Abstract

To the Editor
In his response to critics of early intervention for psychosis, Patrick McGorry (2012) makes some negative statements about those who have questioned the ethics of using antipsychotic medication with young people at risk of psychosis. He charges that these critics ‘have recently sought to censor such research through coordinated pressure exerted through mainstream and social media, through frivolous freedom of information requests which consume the time and energy of researchers in universities, and through concerted public pressure exerted on the decisions of independent NHMRC-approved ethics committees, as well as in the pages of this journal’. He accuses them of ‘anti-scientific behavior’ and of seeking to ‘threaten further legitimate and ethical research in a field which clearly remains in equipoise and is in need for more data.’
I think this is an unfair characterization of the critics’ position. The objection is specifically to the use of antipsychotic medication as a preventive intervention with young people who are not psychotic, and relates to the risk profile of these medications. To my knowledge, there has not been any objection to research on lower-risk interventions, such as psychological therapy or fish oil, for preventive purposes.
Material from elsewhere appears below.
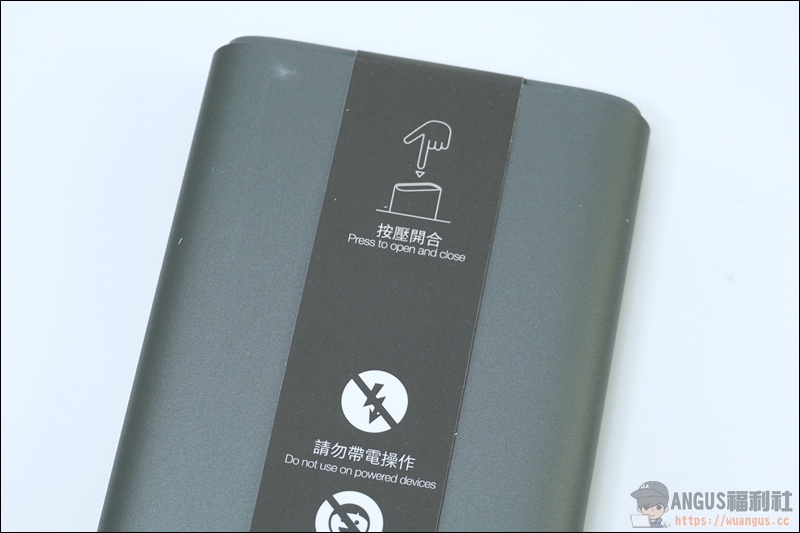 ▼ 取出商品後上方會有一張保護貼,並且簡單說明鋁合金收納盒採用按壓式開蓋設計,表面使用噴砂陽極處理,可以防止汗水根腐蝕,質感相當不錯。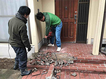 玄関ポーチタイルも新しくするので解体していきます。

According to the National Statement on Ethical Conduct in Human Research (National Health and Medical Research Council, 2007), researchers should adhere to the ethical principle of beneficence. According to this principle, ‘the likely benefit of the research must justify any risks of harm or discomfort to participants’. The National Statement makes researchers responsible for the welfare of participants and for clarifying for participants the potential benefits and risks of the research. Unfortunately, there are major risks in using antipsychotic medication, which researchers must take into account and inform participants about. Firstly, these medications can be associated with weight gain, metabolic syndrome and diabetes (Foley and Morley, 2011). Secondly, there is recent evidence that they may be associated with brain atrophy (Dorph-Petersen et al., 2005; Ho et al., 2011). Thirdly, these medications may induce psychiatric symptoms in people who are not psychotic (Artaloytia et al., 2006; Veselinović et al., 2011). These risks may very well be justified for a person with a psychotic disorder, given the potential therapeutic benefits for positive psychotic symptoms. However, it is questionable that the benefits outweigh the risks for participants in a research trial where the overwhelming majority will not become psychotic.
To any researcher who believes that these risks are justified for non-psychotic participants, I have a simple challenge: take the treatment yourself at the same dose and duration as your participants to show your confidence that the risks are not serious. If you feel any reluctance to do this, how can you ask participants to expose themselves to this treatment?
In conclusion, carrying out research to prevent psychosis must remain an important goal. Low-risk treatments such as psychological therapies and fish oil pass the principle of beneficence. However, research on antipsychotic medication for this group of young people does not.
Footnotes
Declaration of interest
The author reports no conflicts of interest. The author alone is responsible for the content and writing of the paper.
Funding
The author is supported by an NHMRC Australia Fellowship.